Итак, ты видишь, что единственная и простейшая мудрость Бога, поскольку она бесконечна, есть самый истинный прообраз всех образуемых форм. И это означает, что она достигает всего, все завершает, все располагает. Ведь [мудрость] содержится во всех формах, как истина в образе, и прообраз в копии, и форма в фигуре, и точность в уподоблении. И хотя она щедрейшим образом сообщается всем вещам, будучи бесконечно благой, однако никем не может быть познана такой, как она есть. Ибо бесконечное тождество не может быть воспринято в ином, поскольку в ином оно и воспринимается по-иному. И так как оно может быть воспринято в ином только по-иному, то оно воспринимается лучшим способом, каким может; а бесконечность, не допускающая умножения, в многообразии восприятия развертывается лучше, ибо огромное многообразие лучше выражает невозможность умножения (immultiplicabilitas) бесконечности[465]
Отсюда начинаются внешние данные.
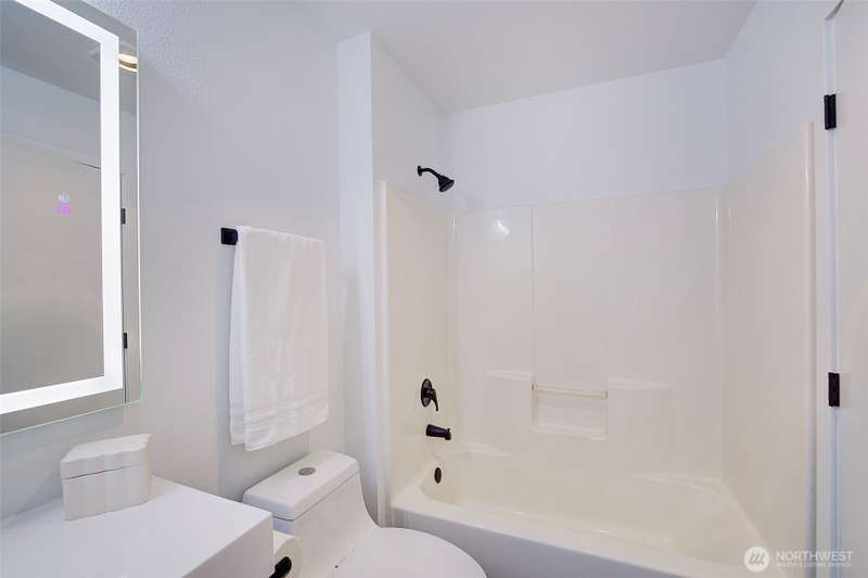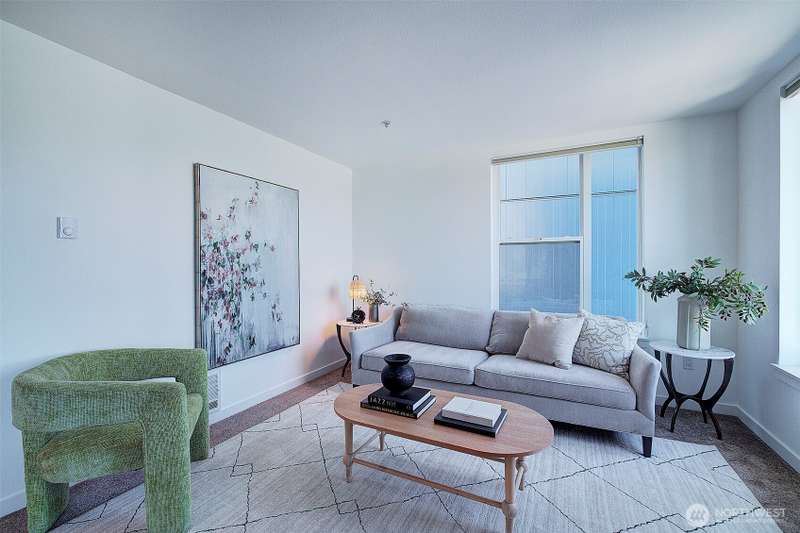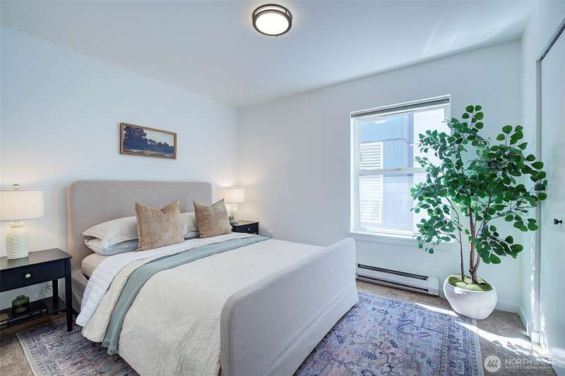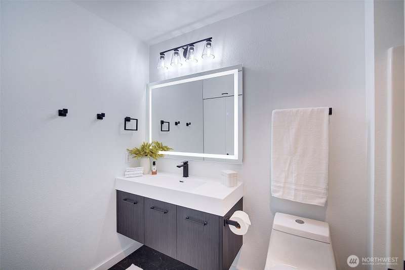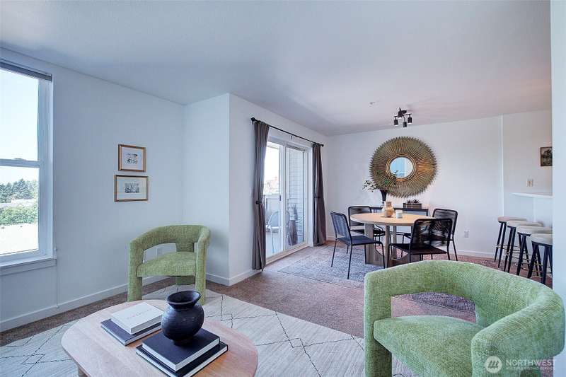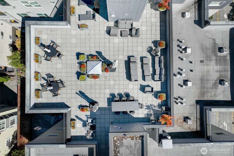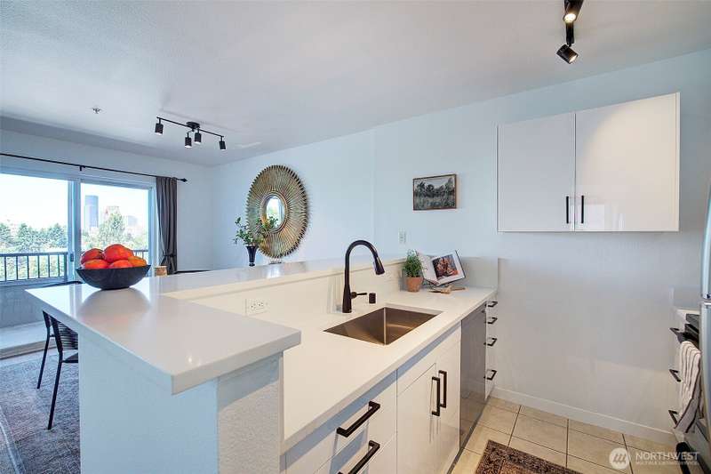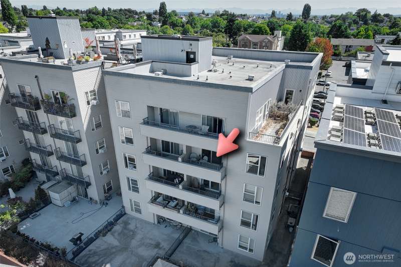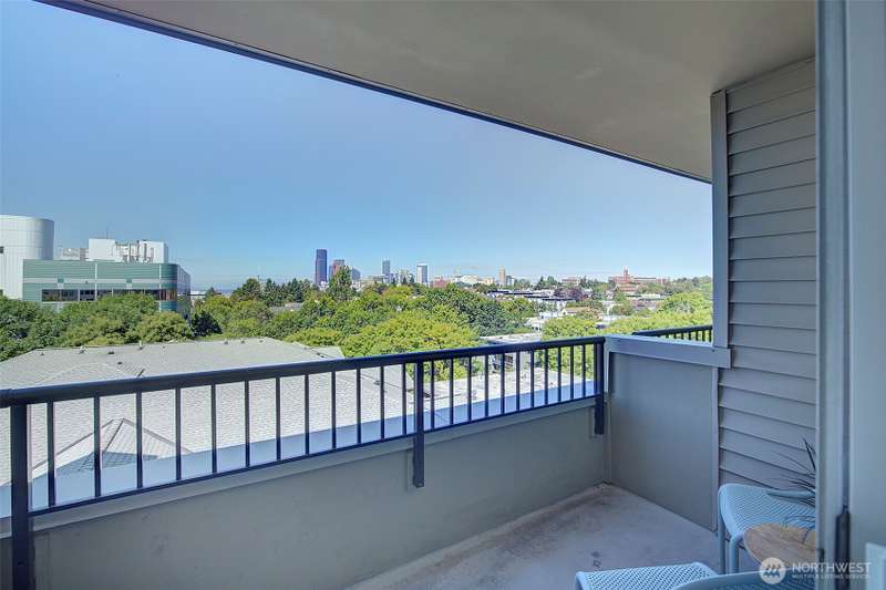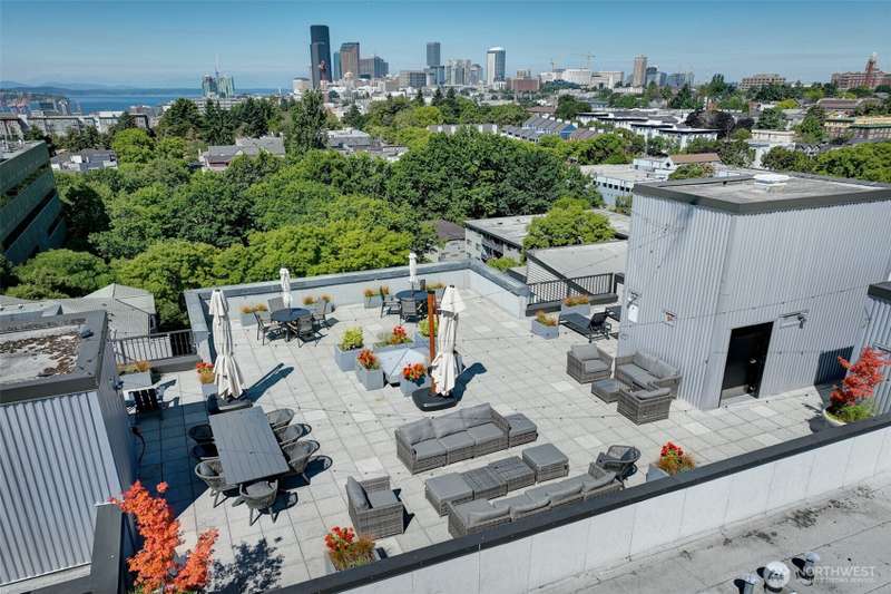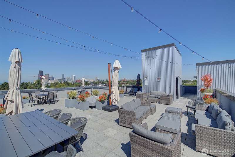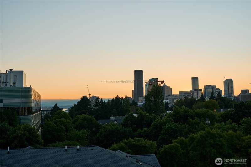Central living with city, sound, mountain & sunset views! This light-filled, 5th floor, SW corner, end unit has a private deck providing the perfect spot to watch the sun set behind the city each night. Located in a secured building, w/ dedicated garage parking & storage locker. The condo has 2 bedrooms (office option), separate living & dining spaces, newly updated kitchen (quartz countertops, stainless appl) & bathroom (LED & anti-fog mirror, floating vanity, washer/dryer). Big rooftop patio for lounging & dining w/ even better views. Close to Judkins Park Light Rail Station set to open early 2026. Walking distance (walk score 93) to groceries, banking, drug store, restaurants, bakeries, auto-parts, plants, gym, schools & beauty!

. Из этого следует, что мудрость, воспринятая в разных формах по-разному, действует так, чтобы каждая форма, призванная к тождеству, приобщалась к мудрости возможным для нее способом, так что одни из форм будут приобщаться к ней в некоей жизни (spiritu), которая крайне далека от первой формы, едва удостоившей их элементарным бытием, другие — в более оформленной жизни, которые удостоены бытием минералов, третьи [будут приобщаться] на более благородной ступени, которая допускает растительную жизнь, еще другие — на более высокой, допускающей жизнь чувства, затем — воображения, рассудка, и, наконец, разума, И эта ступень — наивысшая, а именно ближайший образ мудрости. И только эта ступень обладает способностью подняться к вкушению мудрости, так как G этих одаренных разумом природах образ мудрости жив жизнью разумной. Сила этой жизни состоит в способности порождать из себя жизненное движение; движение это есть проникновение через разумение к собственному предмету — абсолютной истине, которая есть вечная мудрость. Но поскольку проникновение это есть разумение, то это означает и разумное вкушение. Познавать же что-то посредством разума — значит достичь чтойности неким желаннейшим отведыванием — единственно возможным способом ее достижения. Как при чувственном вкушении, не достигающем чтойности вещи, чувством воспринимается некая приятная сладость вне чтойности, так разум вкушает духовную сладость чтойности, этого образа сладости вечной мудрости, которая есть чтойность чтойностей; правда, при сравнении одна сладость с другой несоразмерна.Пока пусть будет достаточно того, что сказано, — времени мало. Итак, знай, что мудрость пребывает не в искусстве красноречия и не в огромных томах, а в удалении от чувственных вещей и в обращении к простейшей и бесконечной форме, и знай, что ее принимают в храме, очищенном от любого порока, и пламенной любовью привязываются к ней, — пока ты сможешь ее вкусить и увидеть, сколь сладостна та, что есть любая сладость! Как только ты вкусишь ее, все то, что тебе кажется теперь великим, утратит цену, и ты смиришься, дабы не осталось в тебе ни гордости, ни других каких-то пороков, потому что прильнешь неотрывно не порочнейшим и чистейшим сердцем к однажды отведанной мудрости, предпочитая оставить, скорее, этот мир и все, что не есть сама мудрость, чем ее. И ты будешь жить в несказанной радости и после смерти вечно успокоишься в ее любвеобильнейшем объятии, пусть тебе и мне будет дарована всегда благословенная мудрость Бога. Аминь.
ПРОСТЕЦ О МУДРОСТИ. КНИГА ВТОРАЯ
Случилось так, что после слов, услышанных от простеца о мудрости, римский ритор в величайшем удивлении направился к простецу и, найдя его укрывшимся недалеко от храма Вечности, так заговорил с ним.
Простец, Нет более легкой трудности, чем созерцать божественные вещи, где наслаждение совпадает с трудностью. Но скажи, чего ты хочешь?